Here is the query that does not work:

SELECT *
FROM
     gene AS a1_,
     intergenicregion AS a2_,
     regulatoryregion AS a3_,
     chromosome AS a4_,
     location AS a5_,
     dataset AS a6_,
     LocatedSequenceFeatureOverlappingFeatures AS indirect0,
     BioEntitiesDataSets AS indirect1
WHERE
         a1_.id = 1267676
     AND a1_.upstreamIntergenicRegionId = a2_.id
     AND a2_.id = indirect0.LocatedSequenceFeature
     AND indirect0.OverlappingFeatures = a3_.id
     AND a3_.chromosomeid = a4_.id
     AND a3_.chromosomeLocationId = a5_.id
     AND a3_.id = indirect1.BioEntities
     AND indirect1.DataSets = a6_.id

I just left this running overnight, and it hasn't completed an EXPLAIN
ANALYSE. It is basically the previous query (which returns 105 rows) with
another table attached on a primary key.
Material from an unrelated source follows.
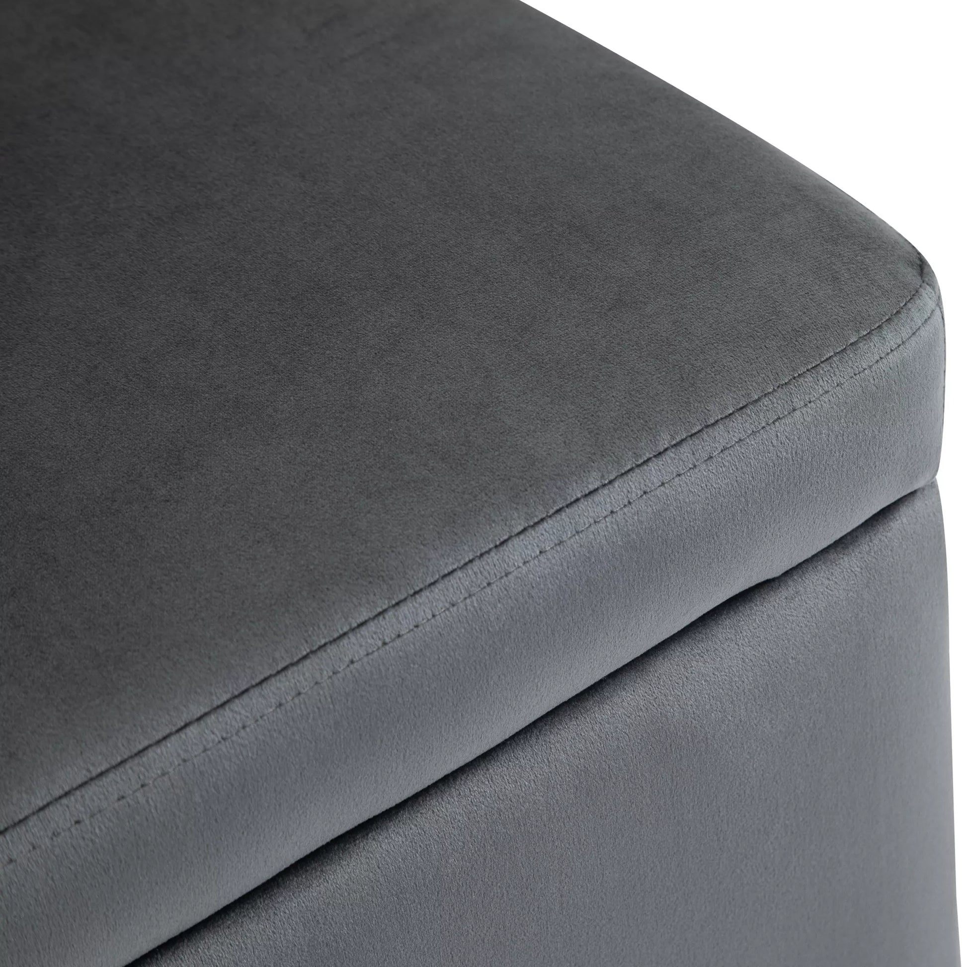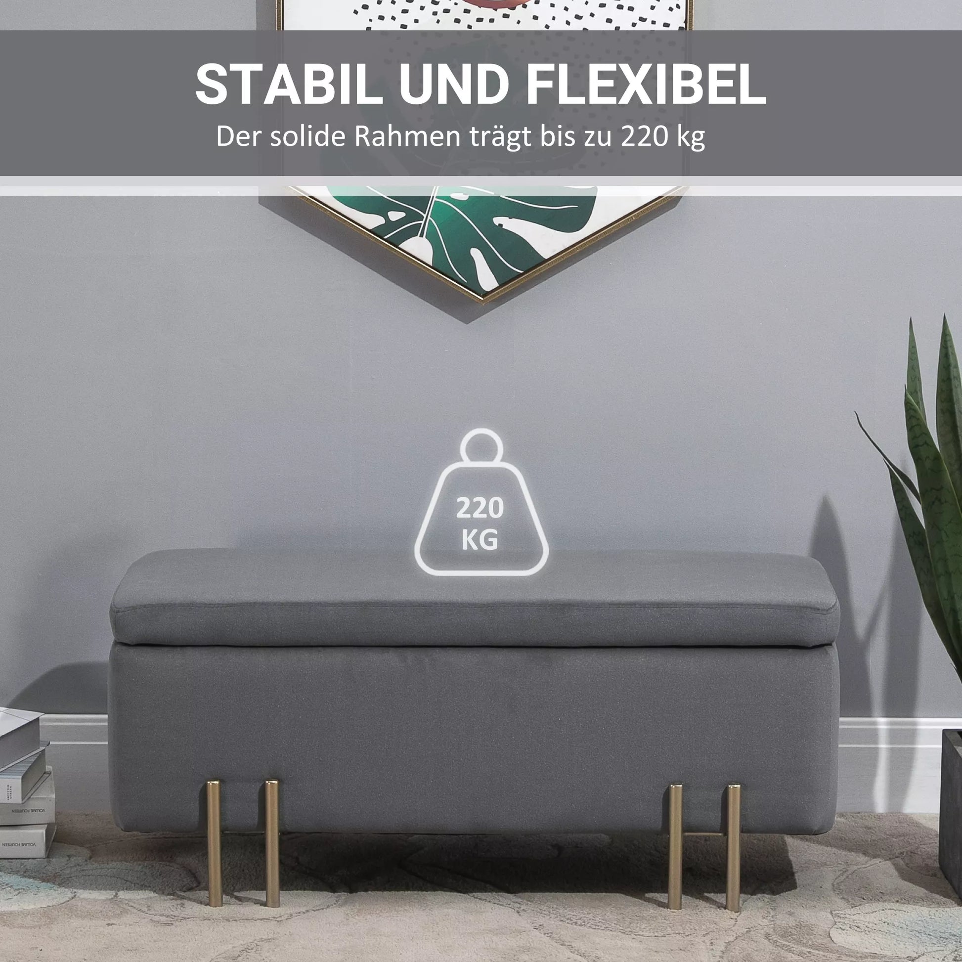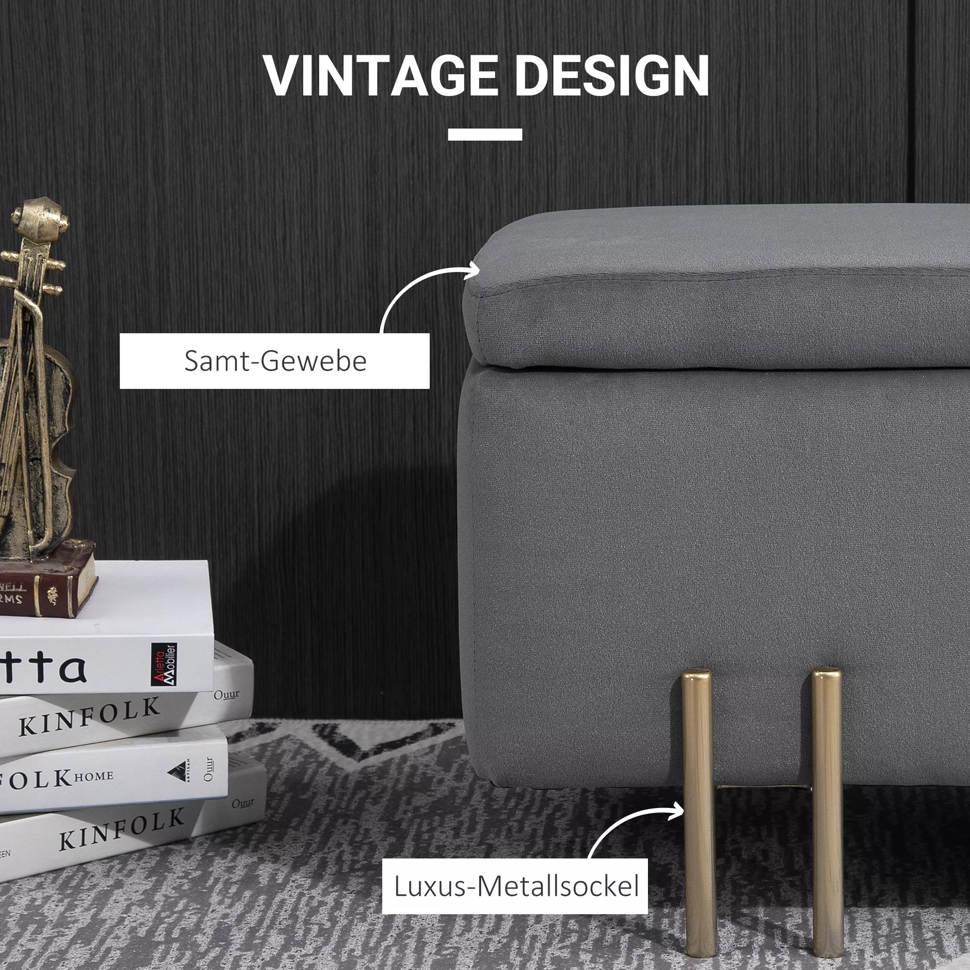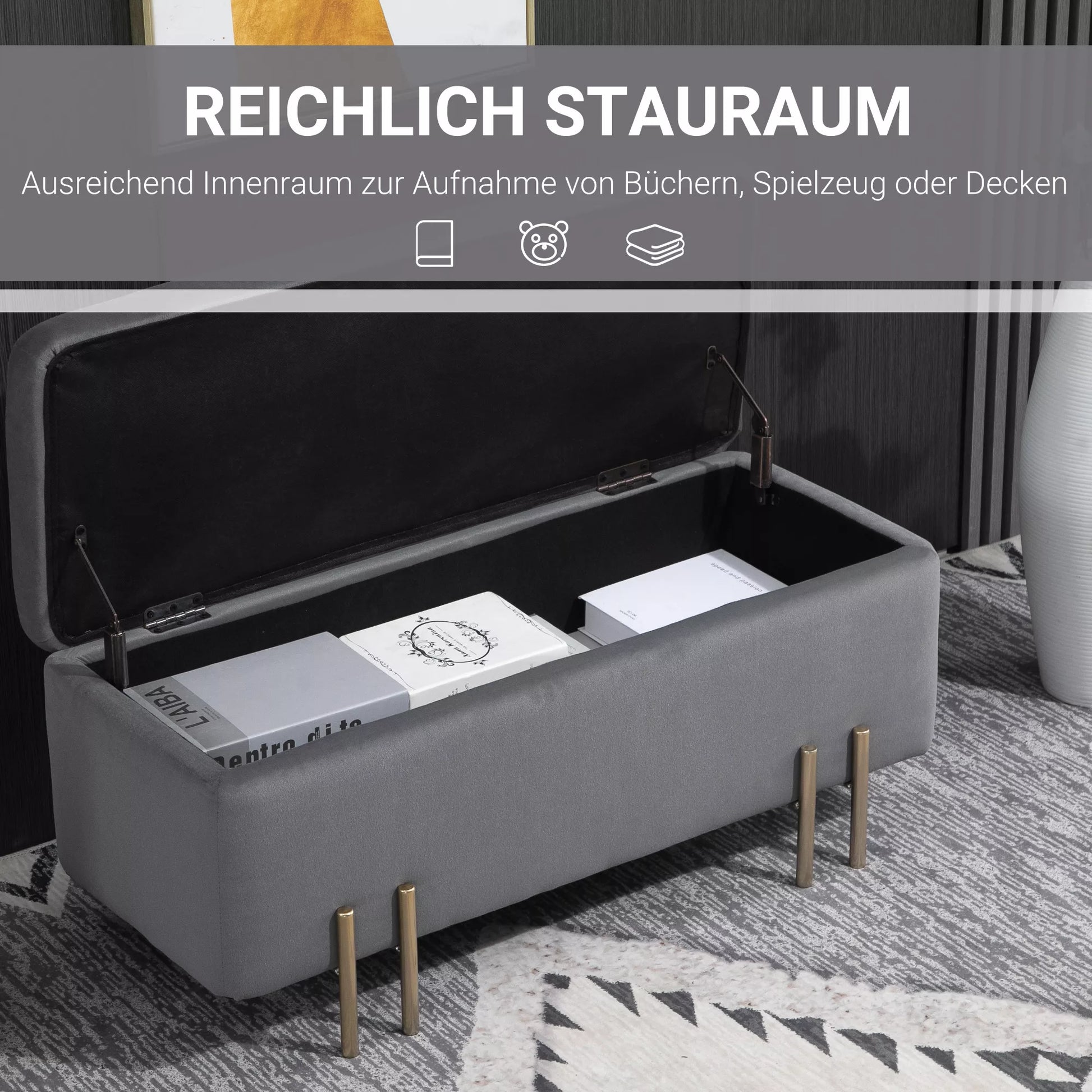 Suolas su daiktadėže, paminkštintas su aksomo išvaizda, sėdimoji skrynia su metalinėmis kojomis, skrynios formos suolas svetainei, miegamajam, koridoriui, 100 x 40 x 42 cm, tamsiai pilkas
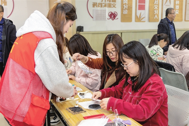 11月13日,太山博物馆志愿者走进晋祠社区,通过文化讲述、特色非遗拓印体验以及传统手作香包等形式,把博物馆文化带到居民家门口。王韵菲 常宇翔 摄影报道

Should be very quick.

QUERY PLAN
---------------------------------------------------------------------------
  Nested Loop
    (cost=0.21..49789788.95 rows=1 width=960)
    ->  Nested Loop
          (cost=0.21..49789788.67 rows=1 width=799)
          ->  Nested Loop
                (cost=0.21..49789787.94 rows=1 width=734)
                ->  Merge Join
                      (cost=0.21..49789787.64 rows=1 width=553)
                      Merge Cond: (a1_.upstreamintergenicregionid = a2_.id)
                      ->  Nested Loop
                            (cost=0.00..99575037.26 rows=2 width=349)
                            ->  Nested Loop
                                  (cost=0.00..99575036.70 rows=2 width=176)
                                  ->  Nested Loop
                                        (cost=0.00..99575036.05 rows=1 width=168)
                                        Join Filter: (a1_.upstreamintergenicregionid = l2.subjectid)
                                        ->  Index Scan using gene__upstreamintergenicregion on gene a1_
                                              (cost=0.00..6836.09 rows=1 width=160)
                                              Index Cond: (id = 1267676)
                                        ->  Nested Loop
                                              (cost=0.00..99507386.51 rows=4865076 width=8)
                                              Join Filter: ((l1.subjectid <> l2.subjectid) AND (l1.objectid =
l2.objectid))
                                              ->  Index Scan using location__key_all on location l1
                                                    (cost=0.00..158806.58 rows=3479953 width=16)
                                              ->  Index Scan using location_bioseg on location l2
                                                    (cost=0.00..12.89 rows=696 width=16)
                                                    Index Cond: (bioseg_create(l1.intermine_start, l1.intermine_end) &&
bioseg_create(l2.intermine_start,l2.intermine_end)) 
                                  ->  Index Scan using bioentitiesdatasets__bioentities on bioentitiesdatasets
indirect1
                                        (cost=0.00..0.63 rows=2 width=8)
                                        Index Cond: (indirect1.bioentities = l1.subjectid)
                            ->  Index Scan using dataset_pkey on dataset a6_
                                  (cost=0.00..0.27 rows=1 width=173)
                                  Index Cond: (a6_.id = indirect1.datasets)
                      ->  Index Scan using intergenicregion_pkey on intergenicregion a2_
                            (cost=0.00..2132.03 rows=54785 width=204)
                ->  Index Scan using regulatoryregion_pkey on regulatoryregion a3_
                      (cost=0.00..0.29 rows=1 width=181)
                      Index Cond: (a3_.id = l1.subjectid)
          ->  Index Scan using location_pkey on location a5_
                (cost=0.00..0.71 rows=1 width=65)
                Index Cond: (a5_.id = a3_.chromosomelocationid)
    ->  Index Scan using chromosome_pkey on chromosome a4_
          (cost=0.00..0.27 rows=1 width=161)
          Index Cond: (a4_.id = a3_.chromosomeid)
(27 rows)

I'm curious about two things - firstly why is it choosing such a dumb way
of joining l1 to l2, with a full index scan on l1, where it could use a
conditional index scan on l1 as with the working query? Secondly, why is
the merge join's cost half that of the nested loop inside it?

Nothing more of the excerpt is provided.